Mahmoud Abbas Continues Ruthless Campaign Against Opponents

Last week I reported that Mahmoud Abbas was monitoring the phone calls of political opponents. A few weeks before that Jordan, at Abbas’ behest, seized Mohammad Dahlan’s assets as well as those of his brother and an unidentified individual.

Palestine Press and Palestine Today are both reporting that Fatah has expelled Samir Mashharawi. Mashharawi is a friend of Dahlan and worked with him in Gaza, when Dahlan was in charge of the security forces. Dahlan was expelled from Fatah back in June, with ratification of the expulsion coming in August.

According to Palestine Press, Mashharawi slammed Fatah a few weeks ago in an interview on Al-Arabiya.
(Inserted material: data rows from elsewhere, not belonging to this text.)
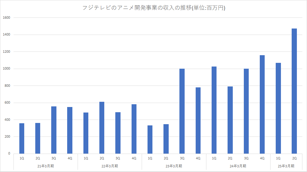 フジ・メディア・ホールディングス<4676>は、この日(11月7日)、第2四半期(24年7~9月)におけるアニメ開発の事業収入が前年同期比85.9%増の14億7200万円と大きく伸びたことを明らかにした。
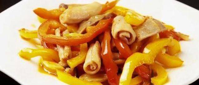 4、起油鍋,放入薑片、蒜末和洋蔥炒香;倒入鴨腸,拌勻;倒入料酒,炒香,加入生抽,拌勻,倒入胡椒粉,炒至碎;
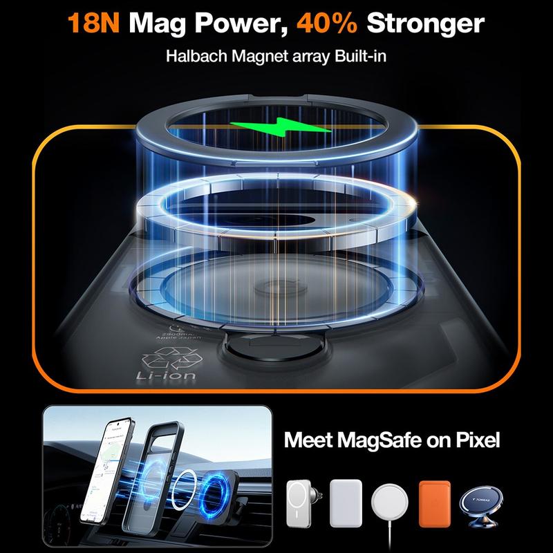 - Praktisk MagSafe-lading: Lad Google Pixel 9, Pixel 9 Pro uten problemer med MagSafe-ladere, eller fest MagSafe-tilbehør som lommebøker og bilholdere.
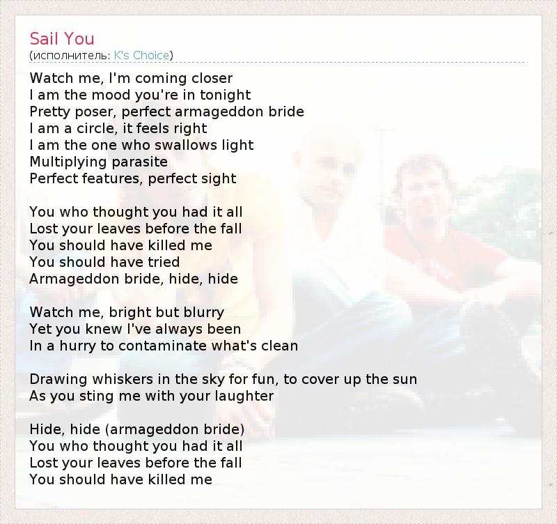 Это интересно:K’s Choice - бельгийская рок-группа из Антверпена. Их стиль можно охарактеризовать как гитарный рок, или фолк-рок.Состав:Сара Беттенс - вокал, гитара.Герт Беттенс - гитара, клавишные, вокал.Эрик Гроссман - бас-гитара.Ян ван Сихем младший - гитара.Коен Лиекенс - ударные.В настоящий момент участники группы работают над сольным проектами. Сара Беттенс выпустила альбом под... продолжение
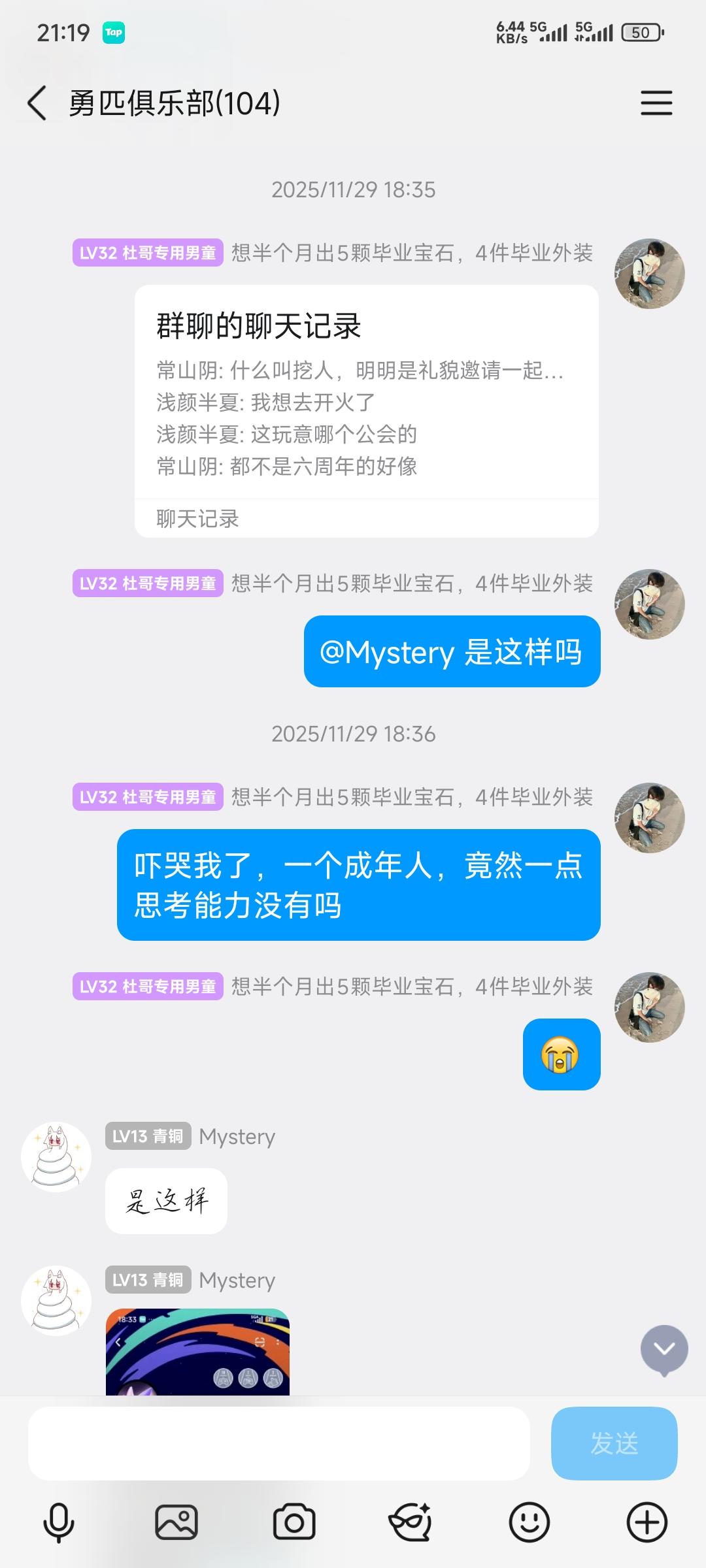 说实话我感觉挺无聊的那个瓜那个my是爱莉希雅的吗不是吧,先说说这个林冲公会矛盾,图1就是林冲公会前任会长,在2025年9月16日非说我挖了他们人,我当时说了一张图10块然后又拿不出来证据我也挺无语的其实。还有图二图三光my这个人说白了,你一个不了解事情清楚靠自己那无能的头脑直接站队吗那很会了忘记自己之前怎么跟我道歉的吗,发红包我都懒得领你的然后讲一下图4图5图6图7图8爱莉希雅的事情吧,事情起

Mashharawi reportedly said that Fatah “lacked leadership” and had lost “the spirit of the struggle.” According to Al-Quds Al-Arabi, Mashharawi has been residing in the UAE, where he is engaged in business dealings with Dahlan.

Abbas is also targeting Mashharawi due to his comments in support of Dahlan in the Abbas-Dahlan affair. According to Mashharawi, the dispute between Dahlan and Abbas is“personal” and Abbas is using it as a distraction as he “wants to run away from five years of failure in running the Palestinian Authority and the political portfolio.”

In July 2011, Palestinian Authority security forces, at the behest of Abbas, raided Dahlan’s home in Ramallah. During the raid they arrested 23 guards and confiscated 16 guns and two vehicles. According to Mashharawi, Abbas wanted to do far more.

“They wanted to initiate an armed clash with Dahlan’s men so that the police could open fire. The goal was to kill Dahlan and then announce that he was part of a conspiracy to overthrow the Palestinian president.”

All of these events further emphasize the points recently made by Jonathan Schanzer.

All things considered, Dahlan’s fate is inconsequential. His star fell long ago. More noteworthy is the ruthlessness Abbas has employed in pursuing him. With Washington’s full support to fend off Hamas’s challengers, Abbas has become relentless against anyone who dares challenge him.

While Dahlan will probably not pose a political threat from exile, Abbas will likely keep after him. But it won’t end there, either. The Palestinian president has also picked fights with other potential political threats, including Prime Minister Fayyad, and Yasser Abbed Rabbo of the PLO. All three share a belief that the Palestinian Authority under Abbas has become less transparent and strayed from its original goal: a viable and transparent state that coexists with its neighbors, including Israel.

The Dahlan affair can best be understood as a witch hunt. It underscores the fact that Abbas has consolidated power, and that he will abide no challenges. Abbas’s whims bode poorly for the Palestinian Authority, which may now expend more energy settling scores than resolving the long-standing conflict with Israel.

Don’t you just love Palestinian politics?

Update: Palestine Press is reporting that Mashharawi’s expulsion from Fatah is official. Palestine Press runs a photo, which sums up where Abbas’s mind has been of late.

11 thoughts on “Mahmoud Abbas Continues Ruthless Campaign Against Opponents”

  1. Isnt Israel or the US to some extent maintaining his power by quietly opposing new elections that might give Hamas more power?

  2. What happens when Abbas dies? Even without the “lifestyle” of Arafat, he’s already quite old. How can you build a nation without some political structure that allows people to move up?

    1. Unknown. There are people like Nabil Shaath, Saeb Erekat, but they still represent the Old Guard of Fatah. The Young Guard has never been given a chance to really develop. In the 2006 elections, the divide between the two was a key part of Fatah’s defeat. There is a great quote from Mohammad Dahlan in this Wikileaks cable after the results of those elections came through.

      Successful Fatah candidate Mohammed Dahlan confirmed that Hamas would gain a majority. He opined that Hamas should form a government and that Fatah should stay out. Dahlan said “we have to reform this piece of s–t called Fatah.” He was very angry with Abu Mazen for allowing the chaos in Fatah to continue in the runup to the campaign and for appointing the “incompetent Nabil Sha’ath” as Fatah campaign manager. Dahlan thought that “Abu Mazen should dismiss all the leadership in Fatah” and start over. He thought that Hamas would not actually be able to govern, but that he would rather have “one year of chaos” than “going on like this.”

      As you can tell it has not be reformed, Abbas and his cronies have simply consolidated their power.

  3. “…….Palestinian Authority under Abbas has become less transparent and strayed from its original goal: a viable and transparent state that coexists with its neighbors, including Israel.”

    If this is what Schanzer really thinks, then I have a bridge that I can sell him.

  4. So say there is an agreement, and then they have a “Palestinian Spring”. Then what?

    (Although thanks to contact with us, they are probably somewhat more “liberal”.)

    We have a law, that was pushed through, kicking and screaming, that requires a plebiscite for an agrrremnt. I suggest we require one for the other side also.